■ **Given information**:

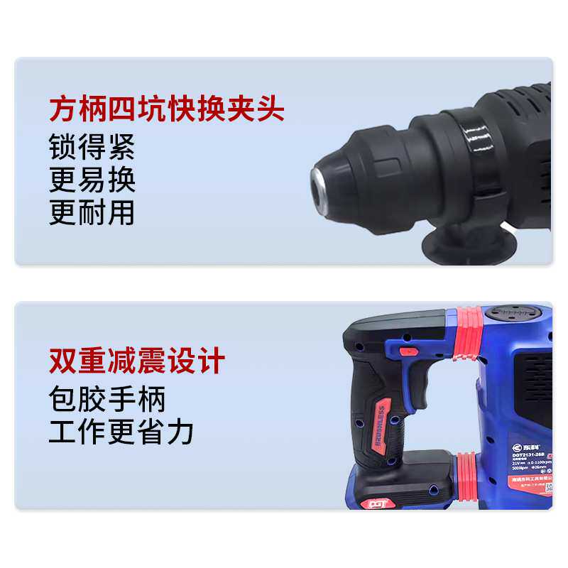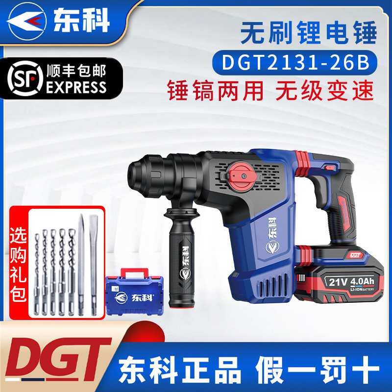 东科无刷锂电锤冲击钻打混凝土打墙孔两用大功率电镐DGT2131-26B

---

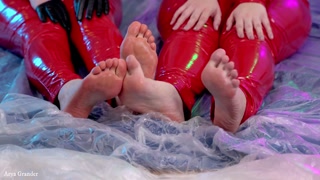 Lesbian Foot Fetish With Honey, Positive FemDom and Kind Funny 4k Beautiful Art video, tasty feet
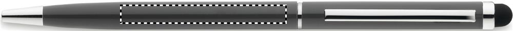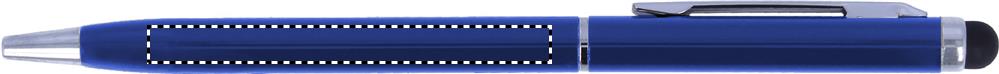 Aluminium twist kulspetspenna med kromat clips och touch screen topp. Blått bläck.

■ **Exercise**:
Working from the entries above, please transcribe only the lines from the line with "Lesbian Foot Fetish" through the line with "Aluminium twist kulspetspenna", exactly, with both end lines and without pictures.

■ **Solution for this problem**:
 Lesbian Foot Fetish With Honey, Positive FemDom and Kind Funny 4k Beautiful Art video, tasty feet
 Aluminium twist kulspetspenna med kromat clips och touch screen topp. Blått bläck.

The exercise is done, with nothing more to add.